Искатель. 1989. Выпуск № 04 - Николай Балаев
Шрифт:
Интервал:
Закладка:
— Пароль? — Пришелец остановился. — Не знаю, братец. Но ты молодец, службу знаешь. Подождем на лоне. — Пришелец отступил, обошел клетку, подобрал обрезок доски и сел на нее у края обрыва.
— Э, да тут целый порт, а корабля нет. У берега лед… все ясно: рыбак убирает сети. Наверняка с утра поплыл, значит, скоро будет. А пока давай знакомиться, — пришелец протянул руку.

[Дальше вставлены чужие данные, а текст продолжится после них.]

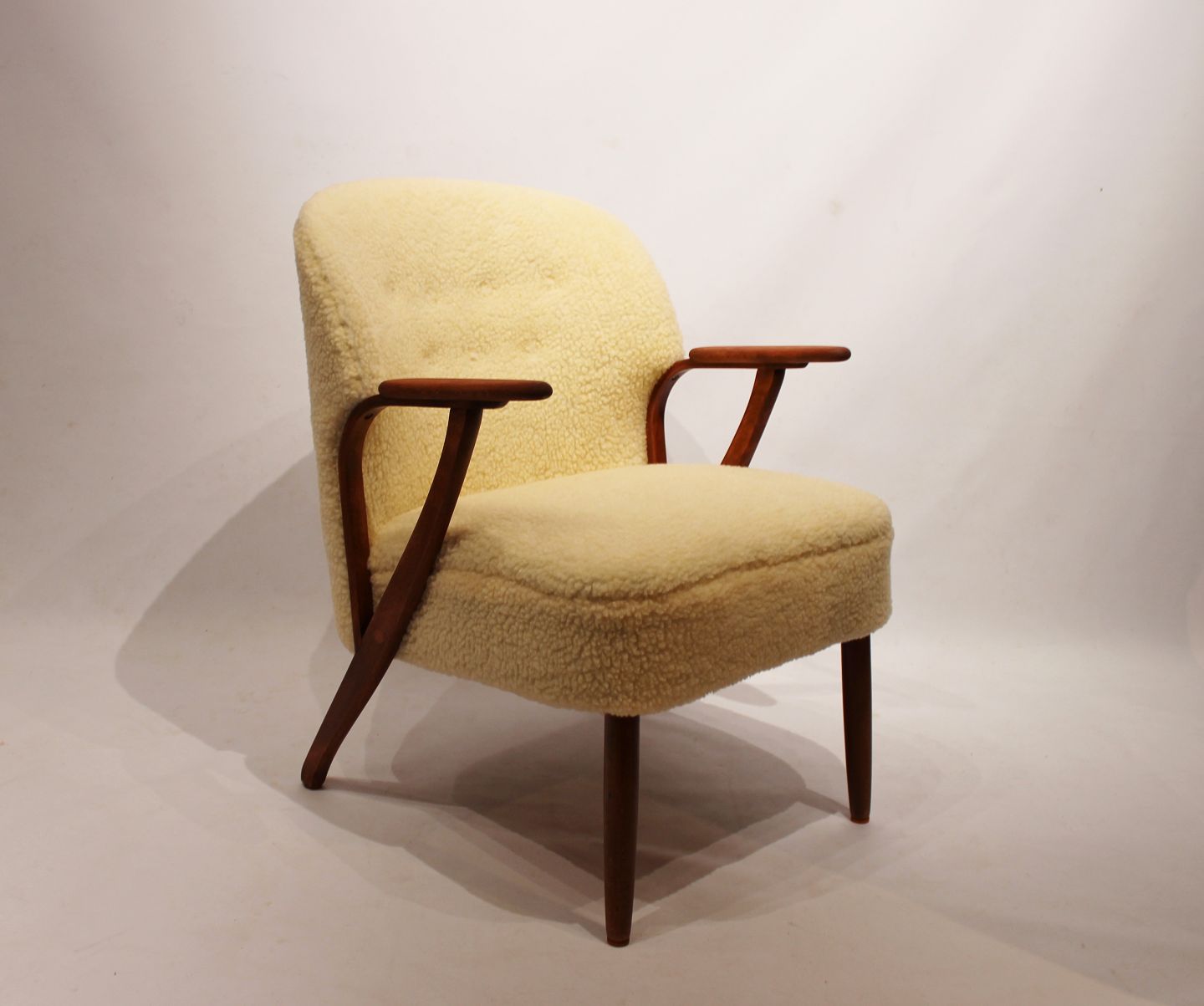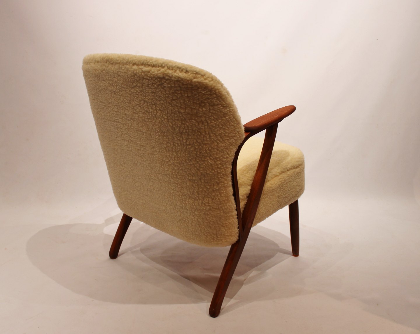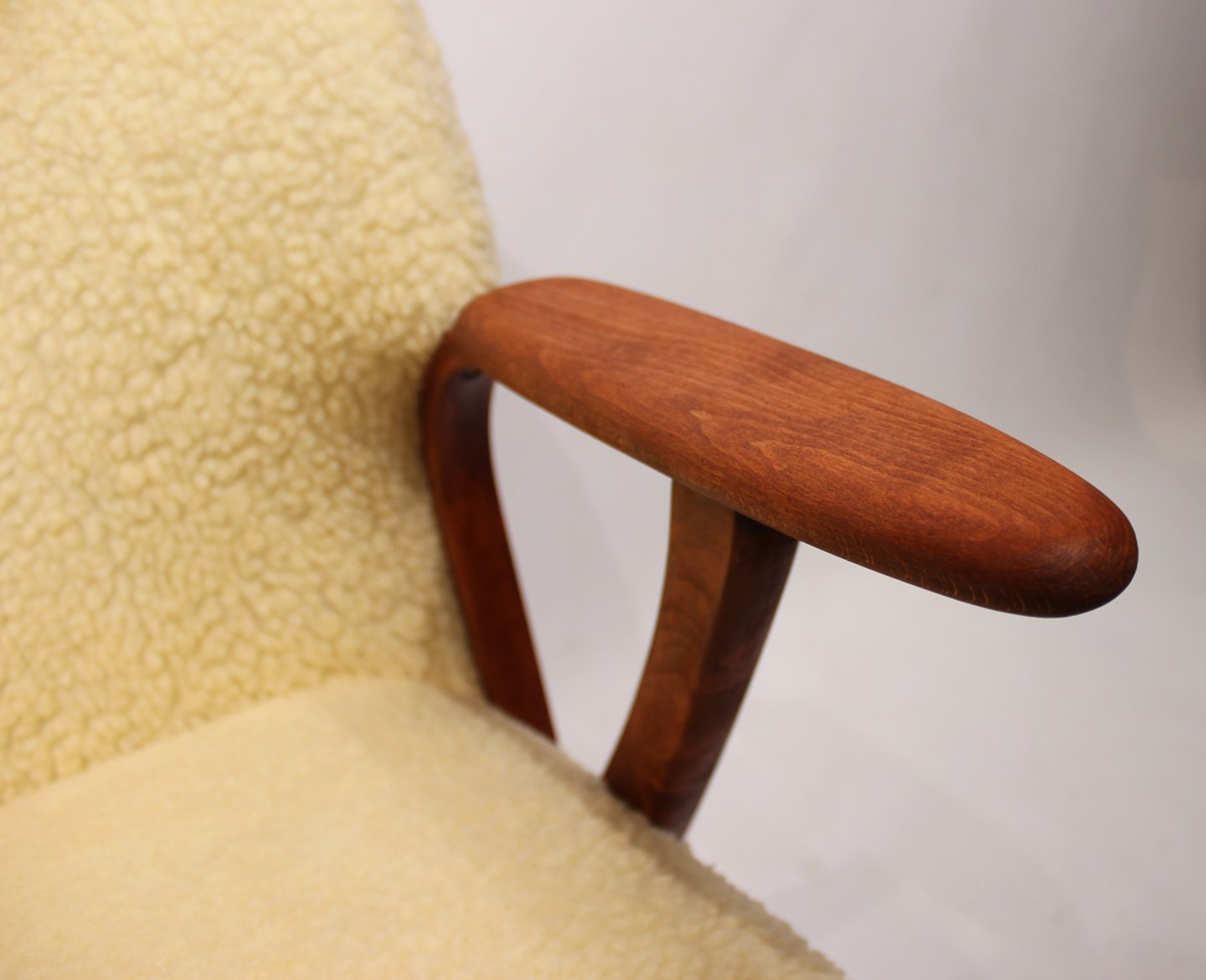 SolgtHvilestol polstret med fåreuld og med arme af mørkt træ af dansk design fra 1960erne. Stolen er i flot brugt stand.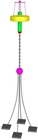 A hemispherical weight is installed in the lowest part of the central buoy, guaranteeing good stability to the system and its vertical position. This hemispherical weight is connected to a jumper (purple sphere) through a big chain, while the same jumper is connected to four moorings, placed on the seabed. In this way, the four chains connecting moorings and the jumper are constantly maintained in a vertical position, avoiding the risk due to the scraping of the seabed [34]. An intermittent red light is positioned on the top of the buoy, making visible the WEC up to several nautical miles away. The capture buoy has a useful diameter of 5 m, while the working stroke of the generator is about 4 m. This length also allows the production of electricity in most agitated and energetic sea states.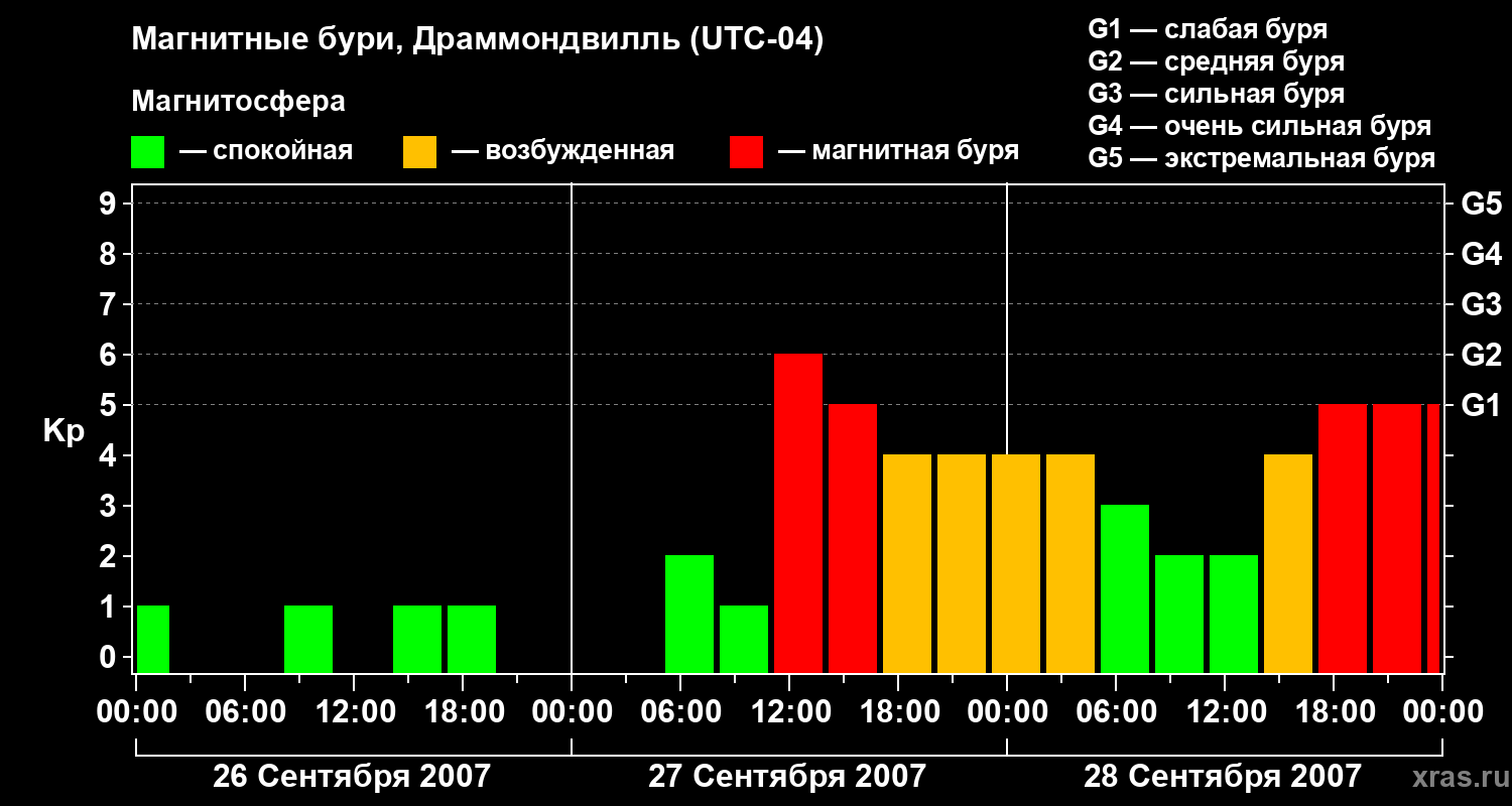 Магнитные бури в Драммондвилле 28 сентября 2007 года

В запахе нового человека мешались решительность и доброта. Хороший человек. Пришелец взял лапу пса, тиснул и отпустил, сказав:
— Нефедыч. — Потом подвинулся на доске: — Садись, Рыжий-Рыжий-Конопатый! Красавец. Готов спорить, тебя и зовут так — Рыжий. Знаешь, в давние времена обычай был: каждому новорожденному сначала давали имя по первой, на глаз, примете. И только позже, по делам и характеру — настоящее. Знакомишься, например, и уже знаешь, с кем имеешь дело. Доброслав, например, Бычий Рог или Перекати-Поле. Хорошее время было, все знали, что такое честь, традиция и уважение к себе и ближнему. И еще каждый знал, что он может. Отсюда и имел, что мог. Эх, Рыжий, всем этим заповедям тысячи лет. Жаль, в наш век их выбросили, и каждое поколение начинает почти с нуля, орет: «…Мы свой, мы новый…» А надо просто развивать старый… Начинает с нуля, к нулю и приходит — закономерно. Как ты думаешь, отчего это? Отчего вдруг природа решила в массовом порядке почти на сотню лет дать восторжествовать безграмотности? Мистика, скажешь? Да нет, без воли природы ничего не делается, травинка не вырастет. Ты глянь в историю: стоит какому-либо государству далеко высунуться из общего строя, она его р-раз — и к ногтю. Согласен?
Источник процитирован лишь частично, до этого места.